In the ME process of H.264/AVC, 7 types of selective block size motion estimation algorithms have been introduced with sizes of 16x16, 16x8, 8x16, 8x8, 8x4, 4x8 and 4x4; these algorithms are collectively called the variable-block-size motion estimation (VBSME) algorithm. This algorithm produces extremely high computational complexity for pre-encoding all candidate modes and calculating the rate distortion optimization (RDO) cost for each block size to determine the optimum coding mode. Therefore, the reduction of the computation complexity and high-speed processing by dedicated hardware are necessary for real-time encoding implementation of H.264/AVC. Moreover, fast processing and the pipeline architecture of the ME architecture are indispensable in the implementation of real-time encoding for high definition applications.
To reduce the complexity of the VBSME algorithm, several fast mode decision algorithms have been proposed [2] [3] [4] . These previous works are efficient at decreasing the redundant candidate modes with the sacrifice of picture quality. Some other previous works focus on reducing the search points to realize fast motion estimation [5] [6] [7] . In these works, several search patterns are proposed by estimating the search point that with high probability. This methodology is excellent at the complexity reduction, but not based on hardware-friendly considerations. A ME algorithm without considering the hardware implementation may increase the hardware and power consumption.
Numbers of hardware architectures for ME are also proposed to reduce the computation complexity from the view point of LSI architecture, and search range selection [8] [9] [10] [11] [12] [13] [14] . Because most of the block-based ME algorithms are based on computing the sum of absolute differences (SAD) between corresponding elements in the candidate and reference blocks, the processing element array (PEA) which is used to calculate the SAD becomes the challenging design point. Several fast PEA architectures concerning the fast calculating of SAD are proposed [8] [9] [10] [11] . However, all of these PEA architectures based on the continuous macroblock (MB) order.

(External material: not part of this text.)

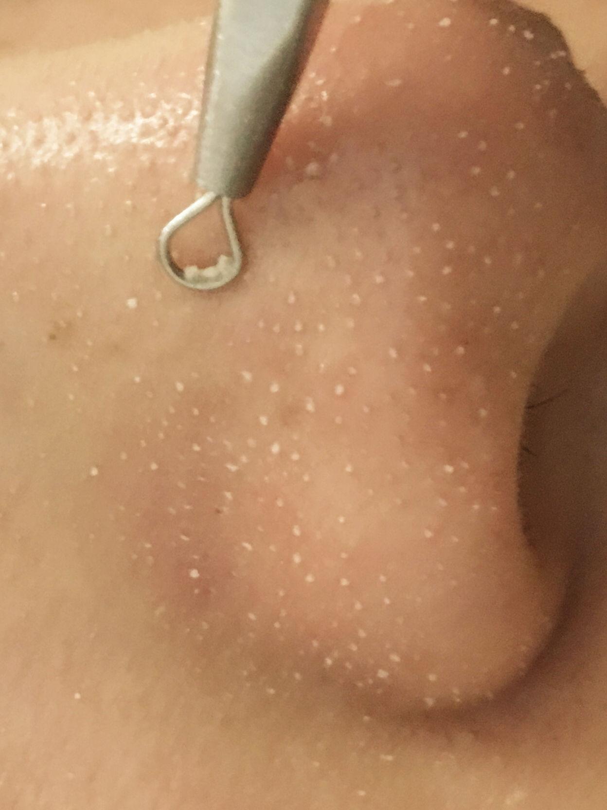 浮出的黑頭是這個(gè)樣子滴,軟踏踏的在毛孔口

Another important issue about the complexity reduction of motion estimation is the search range refinement. In these years, some researches found that efficient search range can help to significantly reduce the search point and several algorithms are proposed. Some proposals which concentrate on how to restrain the search range are proposed including our previous work in which a new concept of the optimum search range is proposed [13, 14] . However, these previous works did not provide an efficient architecture to support spiral-type search pattern.
In this paper, an efficient architecture for ME in H.264/AVC is proposed. The rest of this paper is composed as follows. In section II, the ME of H.264/AVC will be reviewed. Then, in section III, the proposed search order and the proposed architecture are introduced. In section IV, the experimental results are shown. The conclusion is given in section V.
II. MOTION ESTIMATION OF H.264/AVC
In H.264/AVC, several new technologies such as VBSME, multiple frame motion estimation, and sub-pixel motion estimation are introduced. By using these new features, H.264/AVC achieves high coding efficiency in comparison with previous coding standards.
Motion Search of H.264/AVC
As shown in Fig. 1 , ME is a process to search for the motion vector (MV). First, the predictor motion vector (PMV) is calculated from the MV of the adjacent macroblocks (MB). Next, the search center is determined on the basis of the PMV and the ME is performed within a dedicated search range (SR). The position with smallest SAD (sum of absolute difference) is selected as the best point and the MV is obtained. SAD is obtained with the equation of
where
W and H indicate the width and height of current encoding block, respectively. M and N indicate the width and height of search range, respectively. C(k,l) is the value of the pixel of the current block, and R(m+k,n+l) is the value of the pixel in the reference block. In the process of ME in H.264/AVC, VBS-ME and MRF are adopted.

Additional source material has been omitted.